Precisamente ayer, con mi amigo William, llegué hasta Coney Island Station, en Brooklyn, movido por una espesa nostalgia de bruma escrita, vivida hace años, secretamente literaria…. 

Hoy, justo a mi llegada a Nueva York procedente de New Jersey, Plainfield, a eso de las seis y treinta de la tarde —viajé allá por la mañana a visitar a unos familiares—, no me explico el porqué, al desmontarme del autobús me sentí profundamente extraño...
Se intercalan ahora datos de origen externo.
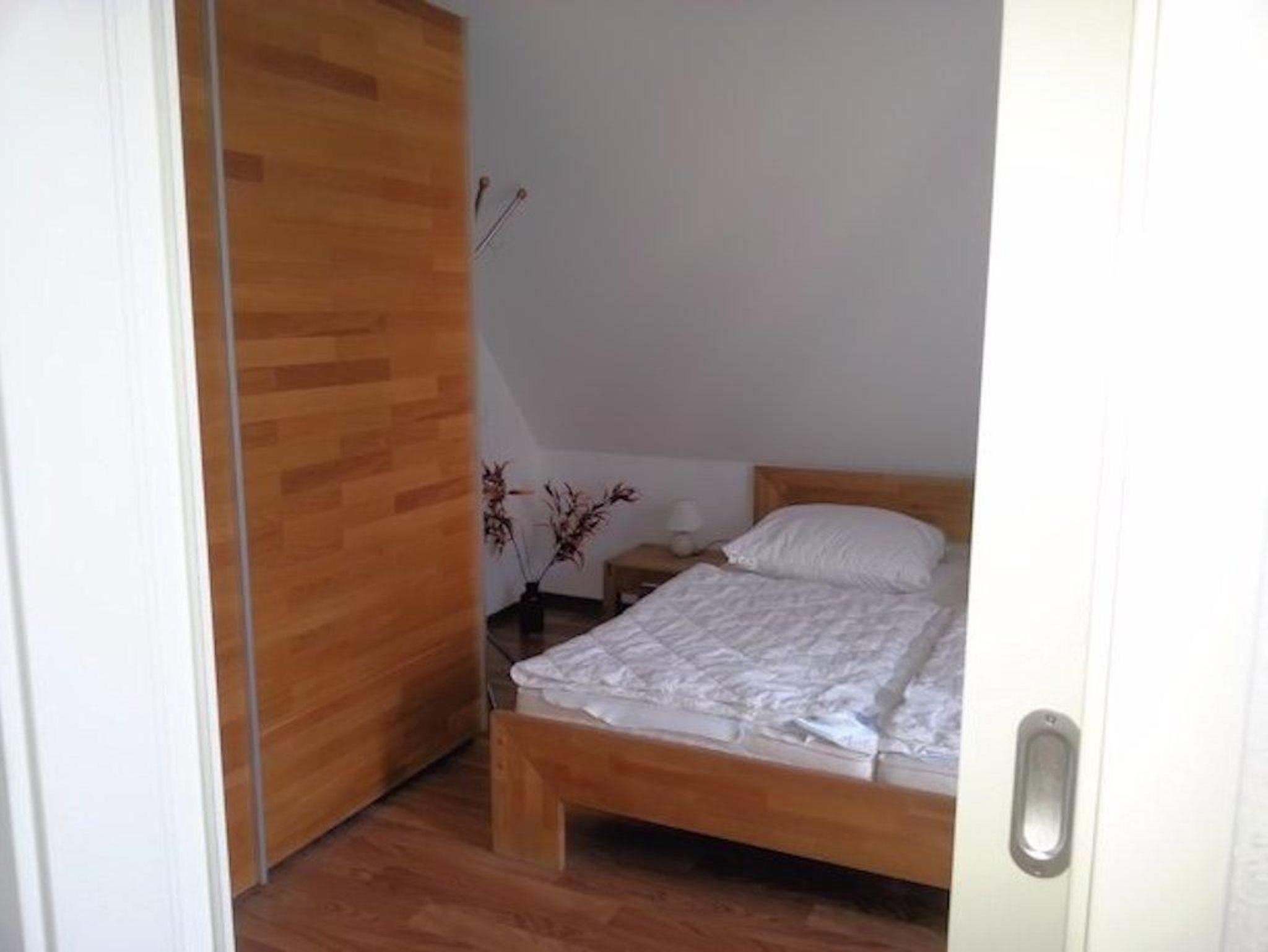 Ein Schlafzimmer mit Doppelbett befindet sich im unteren Bereich der Wohnung. Das zweite Schlafzimmer - ein Galerieschlafzimmer mit 2 Einzelbetten - im oberen Bereich. Dieser Bereich ist durch eine Raumspartreppe erreichbar.
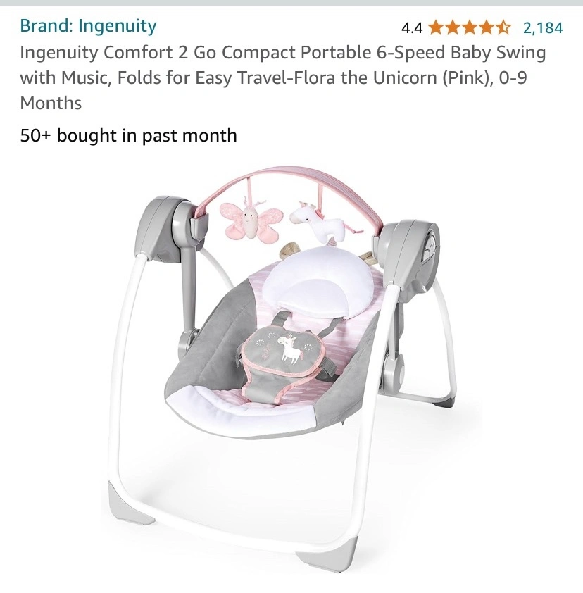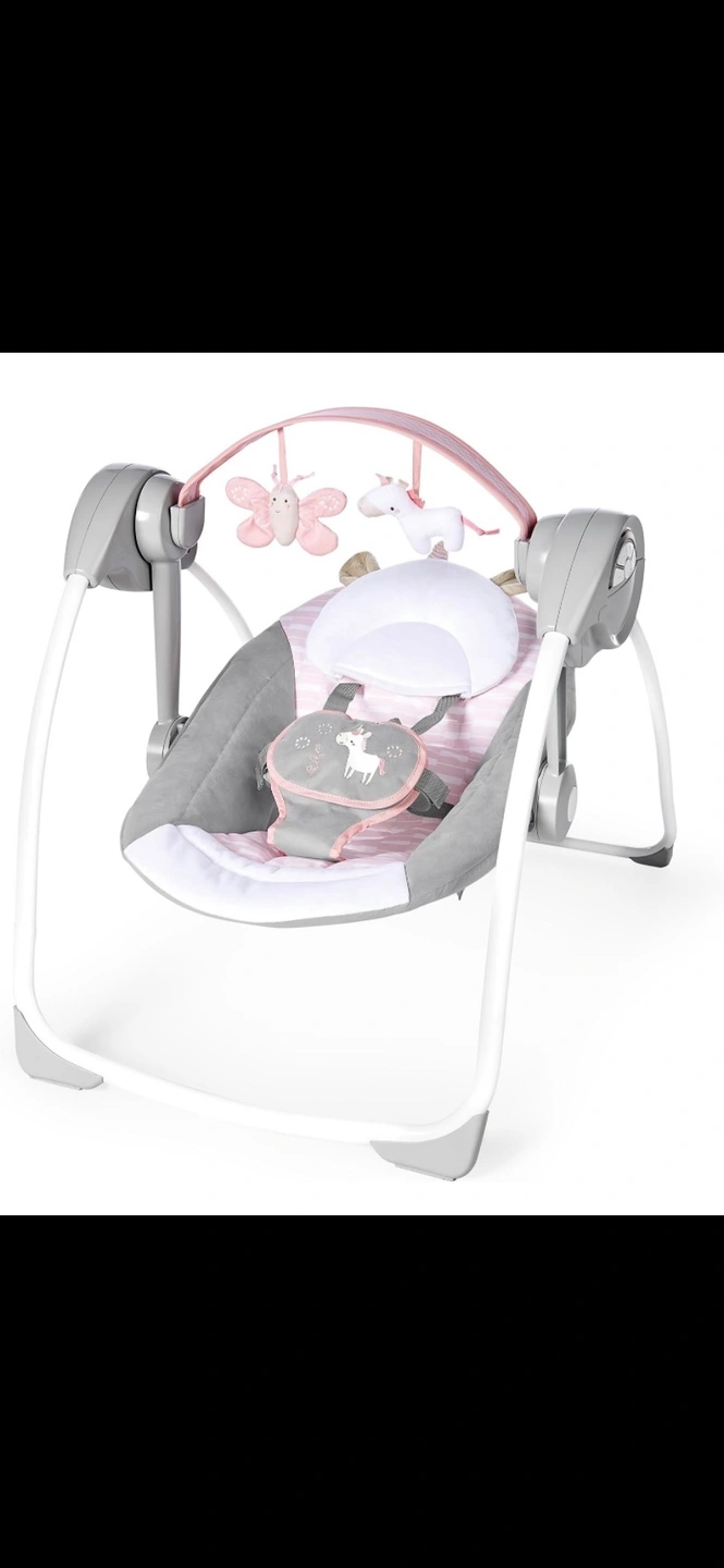 34This baby swing features six speeds and a variety of soothing sounds. It folds for easy travel. I unfortunately dissembled the swing before taking a photo. My daughter barely used the swing and is like new.

Antes de salir de Plainfield me había tomado todos mis medicamentos cardiovasculares y ansiolíticos. No había ninguna causa evidente que explicara mi aguda sensación de extrañeza.

Llegado el momento justo, abordé el tren que me podía conducir a Queens, el "E". No obstante, como guiado por una fuerza imponderable, secreta y poderosa, me desmonté automáticamente en la parada equivocada y vagué sin rumbo por la estación del subway a la altura de la Séptima Avenida.

Algo desconocido en mí decidió conducirme como un sonámbulo por calles que no recordaba haber visitado nunca en Manhattan. Me perdí, de modo textual, en la muchedumbre.

Envuelto en el rumor del gentío que desbordaba las plazas y aceras y creaba, literalmente, corrientes turbulentas de cuerpos humanos que se desplazaban como vectores delirantes hasta por las mismas calzadas de las calles, me olvidé de mi nombre, de los contornos netos de mi cuerpo, de mi identidad y de mi origen. No recordaba la razón, si la había, por la que me arrastraba lleno de una extraña energía empática, simbiótica, confundido con ese oleaje de seres desconocidos y de nacionalidades diversas. Entonces, Yo fue Nadie: Un par de negras zapatillas vacías, sin ninguna persona dentro, vagando por las calles de una geografía urbana más que real, quizá alucinada...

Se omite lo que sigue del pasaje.